Mexicans got a rare glimpse into the rough-and-tumble student organizations at many Mexican universities on Thursday, after five bodies were found buried at one group’s headquarters in the western city of Guadalajara.
Jalisco Attorney-General Tomas Coronado said relatives had identified three of the dead as high-school students who were reported missing along with two other people last week after they said the student group was demanding protection money to sell snacks outside a campus.
Police uncovered three bodies in a pit late on Wednesday and two more in another pit late on Thursday. Investigators were trying to determine if the latest two were a fried-dough vendor and his son who went missing with the three teenagers, Coronado said.
The vendor, Armando Gomez, his son and three of his high-school friends disappeared on Dec. 9 after going to the Federation of Guadalajara Students’ headquarters, where the bodies were found. They went to complain that the student group was demanding too much protection money for allowing him to sell snacks outside a high school campus.
The first three bodies were found two days after two college students in nearby Guerrero were killed in a clash with police after student protesters hijacked buses, used them to block a highway and fought officers with rocks and sticks.
Highly organized, semi-formal and often violent groups are common at Mexican universities. It is a phenomenon that dates back at least to the 1950s, but swelled during student radicalization in the 1960s.
However, the organizations have become less ideological over the years and are now often linked to, or protected by, political bosses known in Mexico as caciques, or chieftains. The groups sometimes act as enforcers to strong arm a politician’s rivals or freelance in extortion or petty robbery.
Political analyst John Ackerman said Mexico’s current political atmosphere, with tension heating up before the July presidential election and a lame duck central government distracted by the fight against drug cartels, might have emboldened such local groups.
“Cacique power is alive and well in Mexico,” said Ackerman, of the legal research institute at Mexico’s National Autonomous University. “This is another aspect in which democracy is still incomplete in Mexico.”
The Federation of Guadalajara Students, known as FEG, no longer has any formal ties to the university, but it operates at high schools affiliated with the university.
The FEG specialized in charging food and soft drink vendors to operate around the high schools, according to one university official familiar with the group.
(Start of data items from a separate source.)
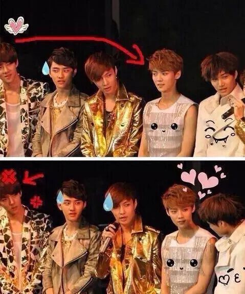 成员们在一起的时候,世勋的目光永远都是穿越过人群看向鹿晗,这眼神也被称作经典的“习惯性向左看”
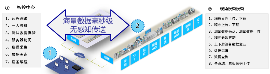 生產(chǎn)現(xiàn)場通過部署PON網(wǎng)絡(luò),將生產(chǎn)過程現(xiàn)場設(shè)備(包括錫膏的印刷、焊錫檢測、貼片、AOI(自動光學檢查)等)產(chǎn)生的海量數(shù)據(jù)快速上傳到智控中心/云端,實現(xiàn)了對生產(chǎn)線的監(jiān)控、分析和控制。
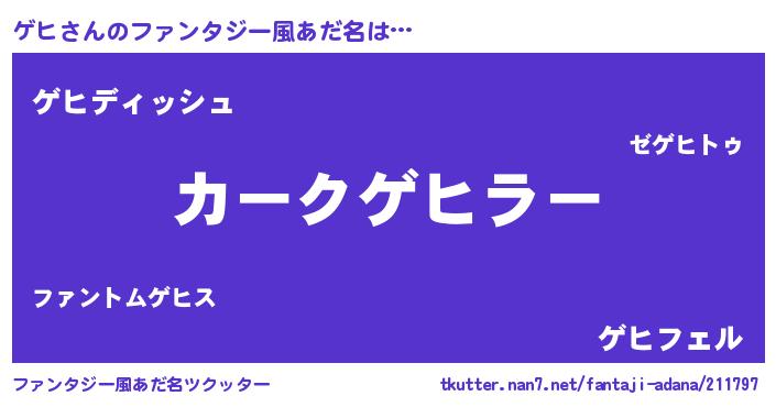 | ヒーロー風カッコイイあだ名 | 『ネオゲヒ』『スーパーゲヒ』 |
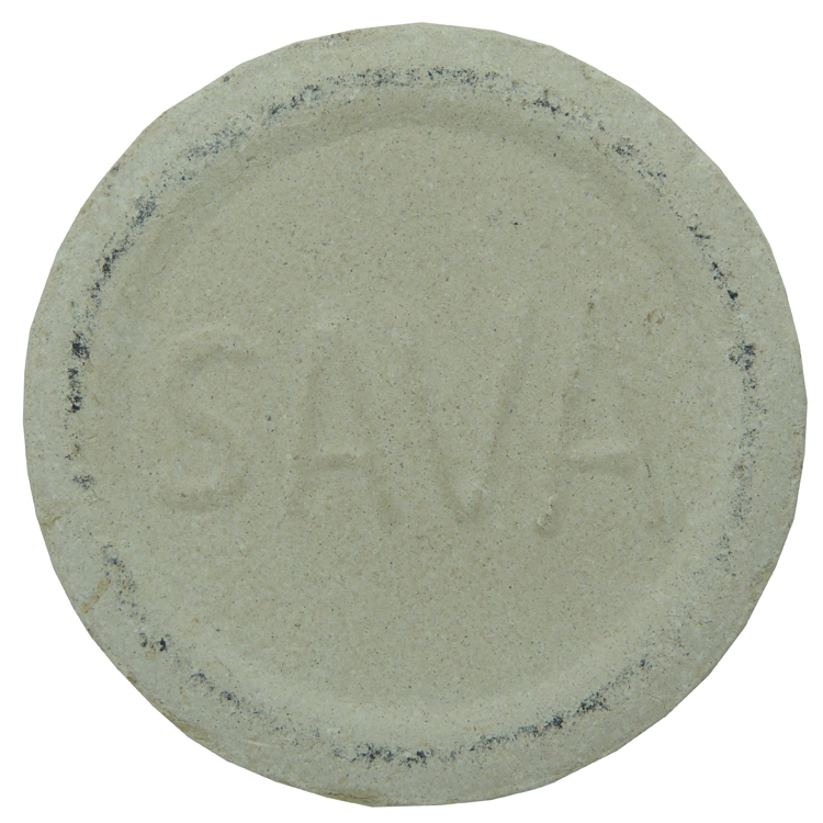 (Spülmittel)A circular bar of soap measuring approximately 6.5 in diameter that has embossed to the front "SAVA.."
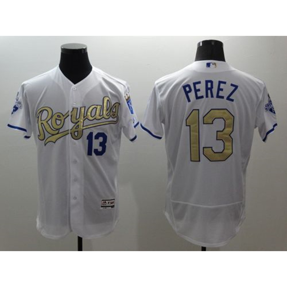 Royals #13 Salvador Perez White 2015 World Series Champions Gold Program FlexBase Authentic Stitched MLB Jersey
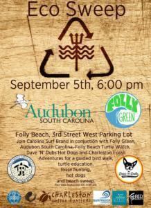 Participating groups include Folly Green, Audubon South Carolina, Folly Beach Turtle Watch, Charleston Waterkeeper, Surfrider Foundation’s Charleston Chapter, Lowcountry Marine Mammal Network, Charleston Fossil Adventures, and the College of Charleston Geology Club.
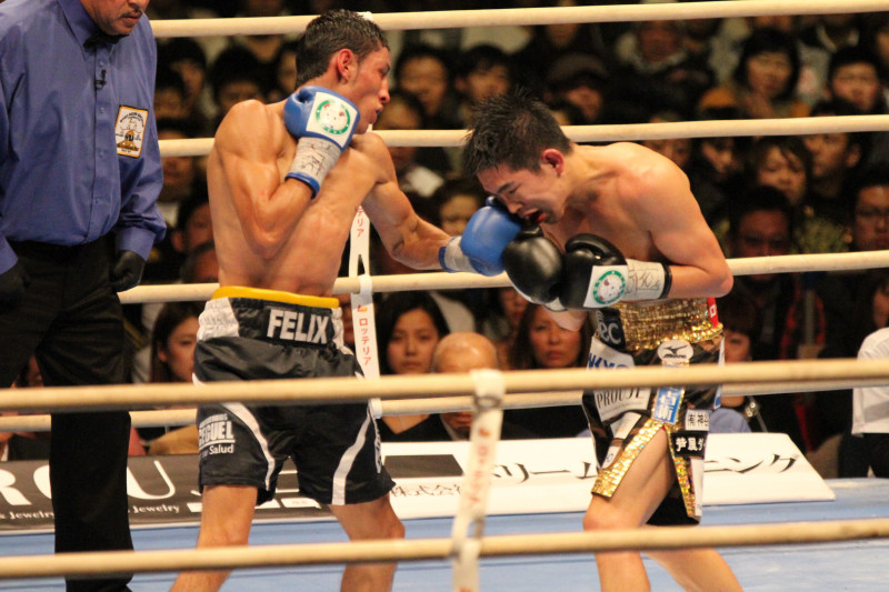 井岡に左アッパーを叩き込むアルバラード=13年大みそか
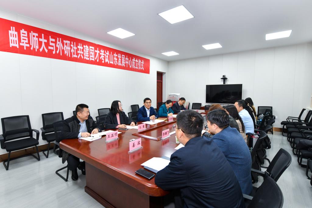 与外研社的战略合作迈入高质量发展新阶段。此次合作是曲师大与外研社深化产教融合,落实国家人才强国战略的创新实践。双方将以山东发展中心为纽带,整合优质资源,构建“立足齐鲁、面向全国、放眼世界”的国际化人才培养体系,推动国才考试在省内高校的普及与创新,助力更多学子成为“懂国情、通外语、精专业”的全球治理人才。
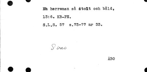 //// Eh herreman så åto&t och båld, //// 13:6. KB-PE. //// S.L.S. 57 s.73-77 nr 33. //// t[ //// t; //// ÅBO ////
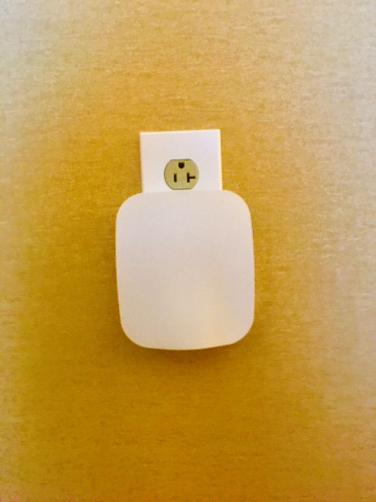 The room had a creepy white box gadget plugged and locked into the wall. I just learned that it is a smoke detector. A blue sign on my desk warned that if smoke is detected, patrons are fined $500. I’m taking smoking rooms from now on. Higher floors and no ominous Big Brother Orwellian fixture. It just gives me a bad vibe. AC is allegedly all about good vibes only.
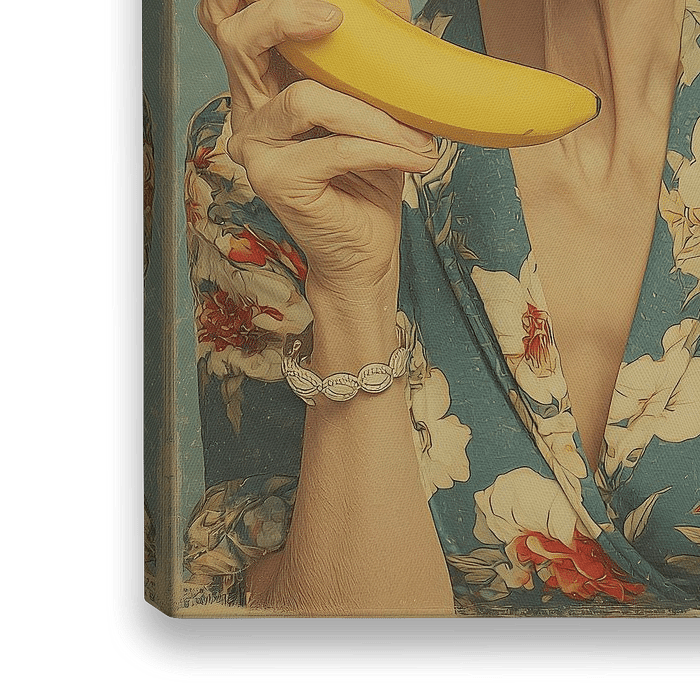 De scène straalt humoristische elegantie en zelfironie uit. Het combineert klassieke schoonheid met een knipoog en een vleugje popcultuur. De felle kleuren en het flirterige spel met de banaan creëren een mix van nostalgie en moderne humor - een symbool van levensvreugde, zelfvertrouwen en de kunst om stijlvol en met humor oud te worden.

While the group was once leftist, the FEG switched decades ago to supporting the Institutional Revolutionary Party, which ruled Mexico for 71 years before losing the presidency in 2000, said the official, who agreed to discuss the group only if not quoted by name because he was not authorized to speak about it.
The FEG has a Web site in which it describes itself as “a student political organization ... teaching the promotion of Democracy and Tolerance.”
It lists no telephone number or e-mail contact.
On Monday, many Mexicans were shocked by the shooting deaths of two protesters at a demonstration by students from a rural teachers college in Guerrero, but were not at all surprised students had hijacked buses, used them to block the toll highway leading to the Pacific Ocean coastal resort of Acapulco and threw stones when police tried to clear the road.
The Guerrero prosecutors office said students from the teachers college regularly block highways or take over toll booths to raise funds, but had acted with unusual violence in Monday’s protest, which was called to demand more funding for the college.
Police called in to clear the blockade apparently opened fire on the students. Federal police have said it was state police who fired the fatal shots, while Guerrero officials released video of federal officers kicking and beating detained protesters.
Lawyers for the students and rights groups are accusing authorities of planting grenades at the scene and an assault rifle on one student to justify the shootings.
Ackerman said he considered the shootings unjustified.
However, he added there were indications that “outside forces,” perhaps directed by a former governor, might have infiltrated the protest in an attempt to create an embarrassing situation for current Guerrero Governor Angel Aguirre.